Pitfalls like this probably make it a nightmare to maintain an integer multiplication algorithm based on floating-point FFT across different platforms and compilers. This is why GMP, the big integer library used by Mathematica and Maple, doesn’t use floating-point FFT. It instead uses the number theoretic transform (NTT), which is essentially an FFT over modular arithmetic instead of complex roots of unity. The second part of this post will go over NTT in detail.
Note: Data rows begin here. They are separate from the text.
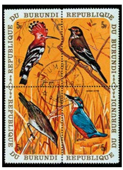
An extension tube equal in length to the focal length of the lens will result in a life-size image on the film.

A slide copier attaches to the bellows unit and permits not only copying slides, but adding special effects with filters.
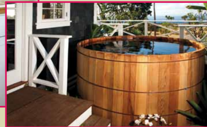
Guests at James Cottage can soak in a hot tub located off the back porch.
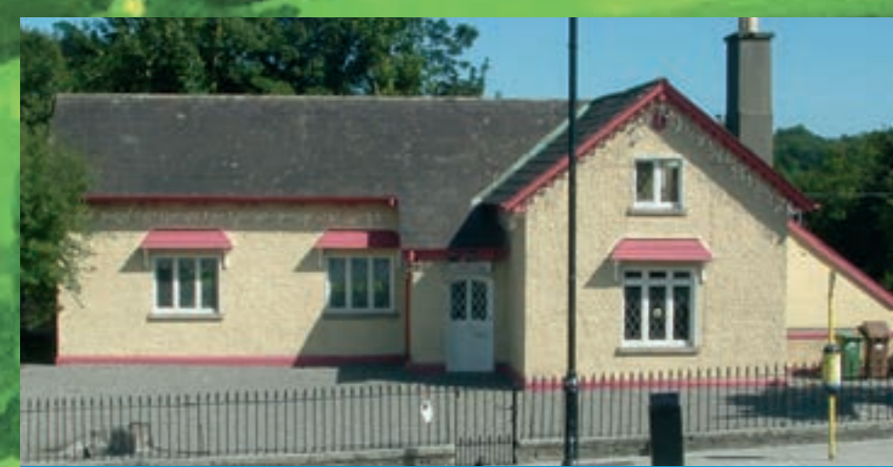
Powerscourt National School

The Ancient Order of Hibernians first registered a branch in Enniskerry in 1904 and leased this property from the Powerscourt estate in 1916. The rate for full membership in 1935 was 6 pence per week. Members could take part in the many social activities run by the club and receive benefits in times of trouble. The hall is still occasionally used as a meeting and lecture room. Originally a shop, the frontage is the only one in the village which has not been modernised.

It is worth noting though that in many applications, floating-point error is fairly acceptable, because the original input signal wasn’t even exact to begin with (ex. FFT on microphone input). FFT is also generally simpler to implement than NTT, and FFT’s precision problems don’t manifest themselves until inputs get fairly large, so FFT is sometimes still used in competitive programming even when exact integer output is desired.